The present invention is related to electro-thermal ice protection systems for aero structures, in general, and more particularly, to a system comprising a metal foil heater, including an integral parting strip, configurable to cover at least a portion of a leading edge of an airfoil; and a controller for controlling heating energy to the metal foil of the heater in accordance with a pulse duty-cycle and for controlling heating energy to the parting strip to maintain an air-stagnation zone of the leading edge virtually free of ice formation.

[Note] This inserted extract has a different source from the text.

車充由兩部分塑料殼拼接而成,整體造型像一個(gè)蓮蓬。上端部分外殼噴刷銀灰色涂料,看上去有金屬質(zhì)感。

Currently proposed electro-thermal de-icing or anti-icing products for leading edge ice protection of aero surfaces generally utilize heating elements or electrodes disposed at a leading edge surface of the aero structure in the form of a serpentine or interdigitated finger area grid to deliver heating power to ice which may be formed thereon. One such proposed electro-thermal ice protection product operates in an electro-chemical mode in which energy is delivered through capacitive coupling to the accreted ice by high frequency (HF) audio electro-chemical heating. Through an electrolysis reaction, gases are generated at the ice-surface interface which tend to affect the ice adhesive bond and separate the ice from the surface. When disposed on an airfoil under flight conditions in a wind tunnel, it was found that the electrolysis reaction was highly dependent on temperature, i.e. much more active as the temperature rose. Accordingly, heat energy tended to concentrate at a spot or spots in the heater grid where the temperature rose and the warmer the spot the more energy was drawn to it creating an avalanche effect. So, a spot on the heater grid where the electro-chemical reaction first started ended up drawing heat energy away from the rest of the grid to the point where ice could no longer be removed from the colder surfaces.

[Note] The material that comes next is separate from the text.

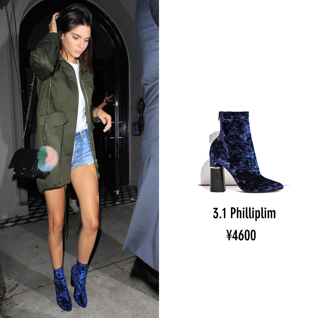 丝绒今年真是超级流行,比起大面积的服饰类,来双丝绒短靴应该是大多数人都可以接受的,毕竟它面积小而且chic。今年时装周时就有双丝绒靴特别火,深蓝色的,比较好搭,来自3.1 Phillip Lim,肯豆用它搭牛仔短裤和军绿色大衣。
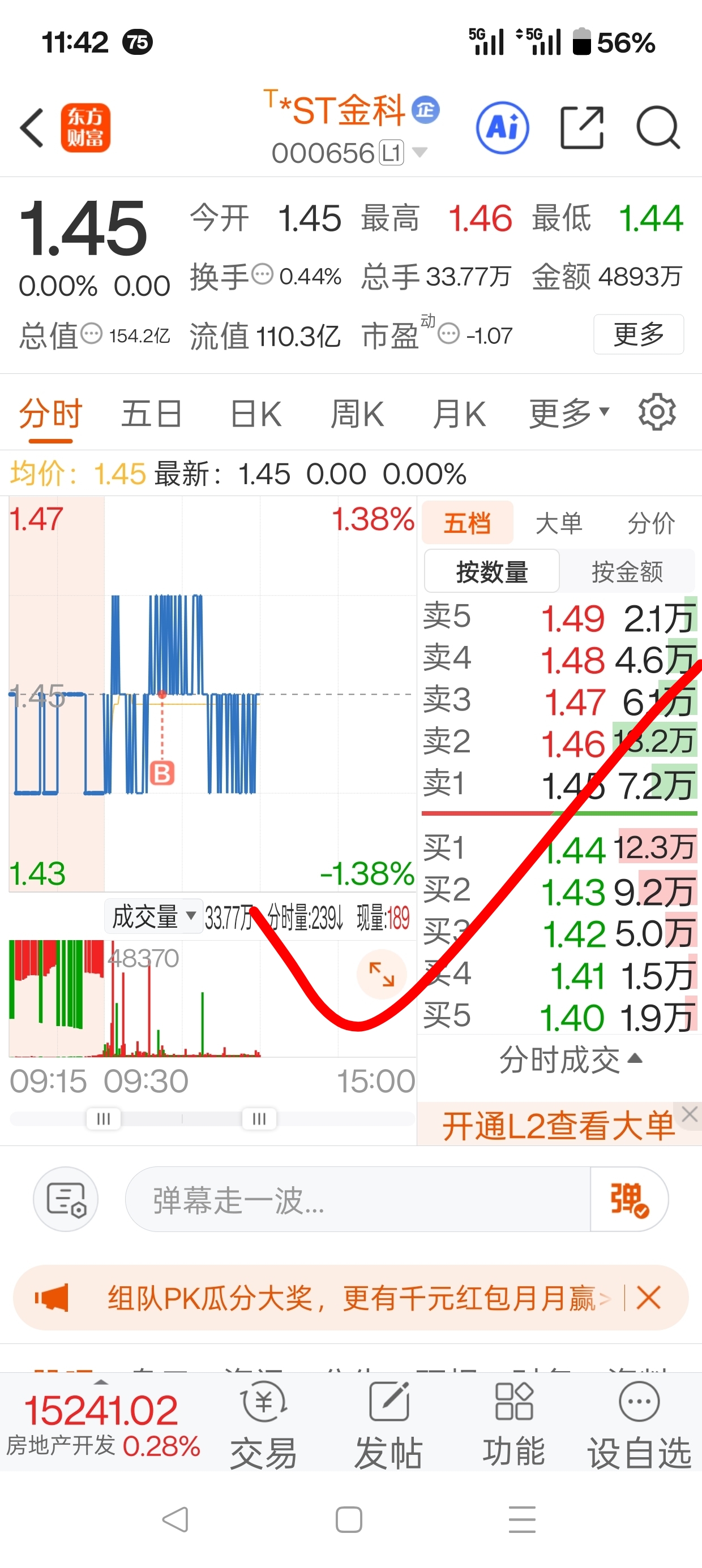 解气啊,解气,1.45卖,1.45接回。好在就一百股,也就亏毛把钱手续费

In addition, it was found that the electro-chemical heating method fails to perform at low temperatures, like below −20° C., for example, because the ice which is a protonic semiconductor is not conductive enough at these temperatures to allow significant power to be imparted at voltage levels that are consistent with safe aero design practice as dictated by the U.S. FAA regulations and FAA advisory circular bulletins such as AC 25.981, for example.
Further, conductive heater electrodes have been proposed to be disposed on, but insulated from, the aero surfaces to be protected from ice in parallel finger patterns which ran the length of the heater. In one serpentine pattern design, each finger had a width dimension of 0.020 inches or 20 mils with a separation distance from adjacent fingers of 20 mils, and a thickness dimension of 0.004 inches or 4 mils. However, this bare metal surface heater arrangement was found not to be structurally sound when tested under airfoil flight conditions, especially under rain erosion and particulate abrasion conditions. Any layer of material disposed over the heater grid for protection against rain erosion and particulate abrasion conditions will cause heat losses which will impose additional heating power requirements for ice protection. Generally, power supply systems on-board the aero structure can not afford to provide such ice protection power without affecting the power requirements to other systems.
A similar ice protection system is proposed in the U.S. Pat. No. 6,027,075, entitled “Systems and Methods For Modifying Ice Adhesion Strength”, and issued to Victor Petrenko on Feb. 22, 2000. Petrenko recognized that there is a liquid like layer (LLL) at the ice interface between the ice layer and aero structure which is a major factor in the ice adhesion strength. Petrenko realized that the LLL functions as a wetting surface which substantially increases the effective contact area between surfaces. The Petrenko system comprises a first electrode connected to the aero surface, preferably in the form of a grid, an electrically insulating layer disposed over the first electrode, and a second electrode formed over the first electrode in a similar grid as the first electrode. In operation, when ice is detected on the surface, a DC voltage is applied across the first and second electrode grids of sufficient magnitude to decrease the ice adhesion strength of the LLL and facilitate ice removal by the wind slipstream across the aero surface.
Since the Petrenko system proposes a similar grid of electrodes either in a serpentine or interdigitated design which couple energy into the ice layer accreted on an aero structure to loosen the bond between the ice and aero surface, it will suffer similar structural and power requirement drawbacks in an aero structure flight environment as described for the AC electro-chemical heating system above.
The present invention overcomes the aforementioned drawbacks of the present electro-thermal ice protection systems and offers an electro-thermal ice protection system rugged enough to withstand exposure to an aero structure operational environment, and capable of shedding ice from an aero surface at safe voltages and substantially reduced power levels, and before the ice accretes to a dangerous thickness level.